MATERIALS AND METHODS

Ethical considerations

This study was approved by the institutional review boards (IRBs) of the Seoul National University Bundang Hospital (SNUBH) (IRB-B-1007-105-402) and the Seoul National University Hospital (SNUH) (IRBY-H-0905-041-281). We obtained written informed consent from either the parents of children or the participants themselves.

Eligibility criteria and clinical evaluation

We prospectively recruited pediatric patients with bilateral symmetrical nonsyndromic SNHL at the otolaryngology clinics of two institutions from January 2014 through December 2018, only when the mean hearing threshold was 26 dB or higher, and when the onset age was clearly documented by audiological tests to be prior to age 15 years (SNU-Bi-NS-Child-Spo/AR SNHL cohort [n = 320]) (Fig. 1). Clinical characteristics (medical history, physical examination) and audiologic assessments (pure‐tone audiometry, auditory brainstem response [ABR], auditory steady state response [ASSR], and speech evaluation) were reviewed. The hearing threshold was calculated by averaging the thresholds of 0.5, 1, 2, and 4 KHz.
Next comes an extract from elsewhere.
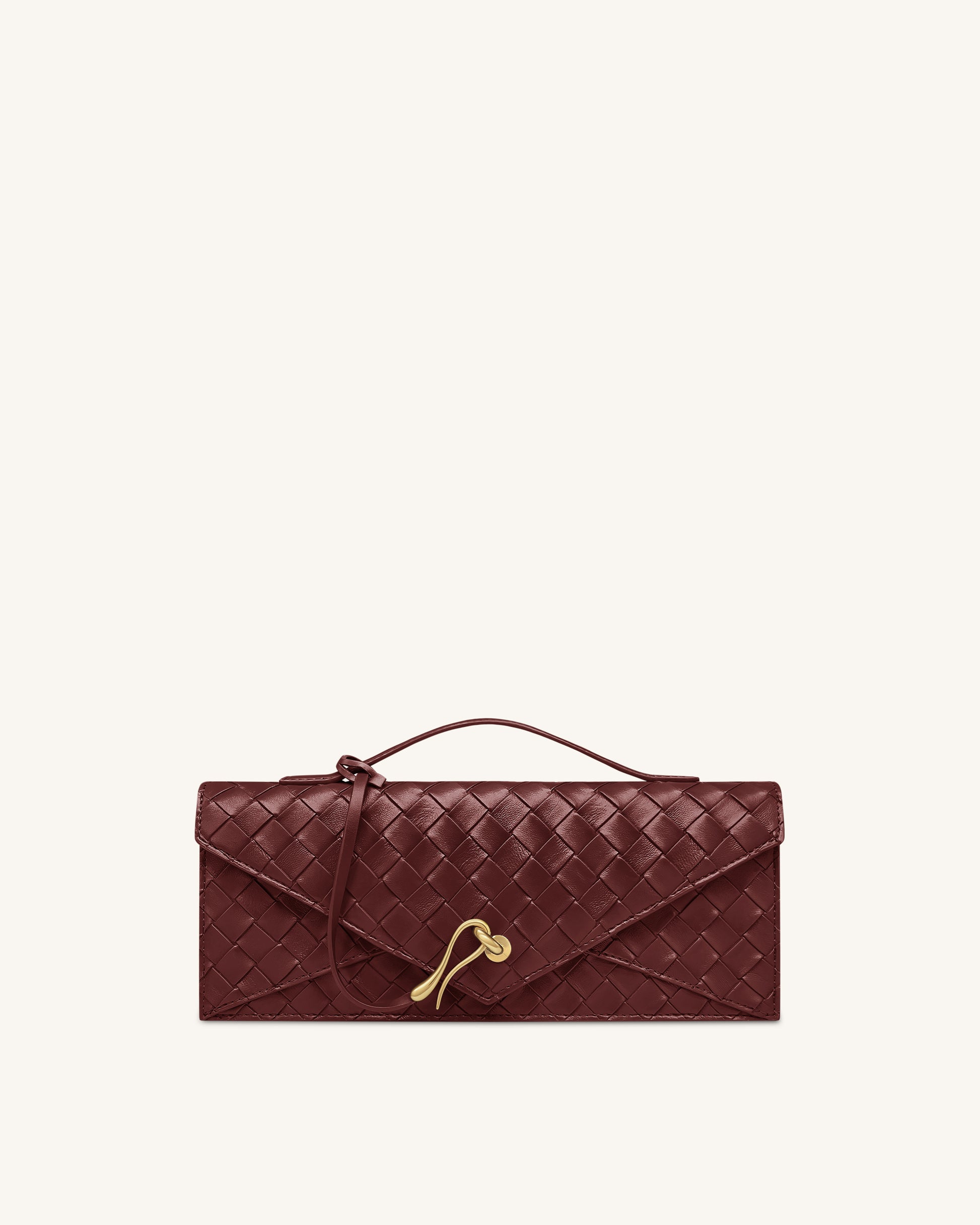 Celeste 編織紋理信封式手挽袋 - 酒紅色

Fig. 1: Schematic diagram of how we prospectively obtained a case series of SNU-mild-to-moderate sensorineural hearing loss (SNHL).
figure 1

Among the SNU-Bi-NS-Child-Spo/AR SNHL cohort, only those with a hearing threshold of ≤55 dB and those who consented to molecular genetic testing are registered as SNU-mild-to-moderate SNHL. PT/SA Pure-tone audiometry/ Speech audiometry, ABR-T Auditory Brainstem Response Threshold, ASSR Auditory Steady State Response.
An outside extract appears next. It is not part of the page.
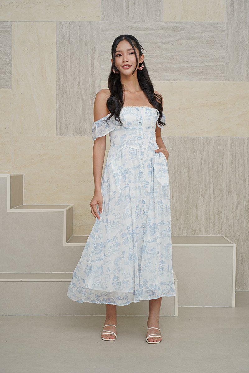 This latest toile number is serving up major spring romance! With its dreamy toile print, flutter straps, and delicate lace trim details, it’s the perfect pick for brunch or festive celebrations. Just add some dainty heels and a sunhat, and you’re all set for the sweetest spring moments! Channel your inner princess with the enchanting style of this midi dress, kissed with buttons down the front and finished with fluttery straps at the shoulders. This dress is basically Saturday in clothing form. Covered in a custom toile-inspired print featuring iconic landmarks and pastoral scenes, this spirit dress was made for our toile-loving fans who want to stand out—in the daintiest and softest way possible. The soft pastel pattern is full of personality, while the ruffle sleeves, lace trimmed neckline, and layered silhouette keep things sweet, flattering, and feminine. Bonus: it’s fully lined and made for twirling (whether it’s on the Plaza or at the tailgate). Be the source of romance in the room in a shoulder-showing dress designed with a smocked back and features a full buttondown. In cool, soft cotton with a wonderful, floral botanical print and a full low-calf sweep. Shaping princess seams. A dozen poly buttons down center front. Goes from casual to chic with no visible effort. Elasticised sleeves and neckline. Decorative buttons. Padded at bust. Comes with side pockets. Smocked at back. Fully lined, not sheer. Concealed back zip closure. Made of cotton polyester blend. Comes in blue and pink. Available in sizes S, M & L.

Only cases with sporadic or autosomal recessive (AR) inheritance pattern were included. Cases with apparent vertical transmission from parents to children by autosomal dominant (AD) inheritance were excluded. Additionally, syndromic SNHL, asymmetrical SNHL with 20 dB or more difference between bilateral ears, and mixed type hearing loss were excluded from this study.

The SNU-Bi-NS-Child-Spo/AR SNHL cohort was then divided into two groups, based on the degree of SNHL: one with mild-to-moderate SNHL (≤55 dB hearing threshold) (n = 110) and the other with moderately severe-to-profound SNHL (>55 dB hearing threshold) (n = 210) (Fig. 1). Only those who manifested mild-to-moderate SNHL and consented to molecular genetic testing were finally included (n = 83), providing the youngest (mean age of 7.63 years of age) and the largest genetically tested mild-to-moderate pediatric bilateral SNHL cohort to date.
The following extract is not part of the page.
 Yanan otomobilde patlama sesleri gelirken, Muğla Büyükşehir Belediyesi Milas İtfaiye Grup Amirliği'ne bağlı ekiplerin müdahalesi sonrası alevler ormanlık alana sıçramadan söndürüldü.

DNA preparation and molecular genetic test

Whole blood (10 ml) was obtained from all probands and, if possible, their siblings and parents for the segregation study. Genomic DNA was extracted from the peripheral blood.9 Then, molecular genetic testing was performed using multiple genetic tools: multiplex ligation-dependent probe amplification (MLPA) of STRC, exome sequencing, and long-range (LR) polymerase chain reaction (PCR) of whole STRC, if necessary. The presence of a pseudogene (pSTRC), which is 99.6% identical to a true gene (STRC), has been reported to be associated with low next-generation sequencing (NGS) mapping quality.10 To compensate for the pitfalls of NGS (i.e., exome sequencing), MLPA, which could detect CNVs, and LR-PCR, which could exclude pseudogene contamination, were implemented in the diagnostic process.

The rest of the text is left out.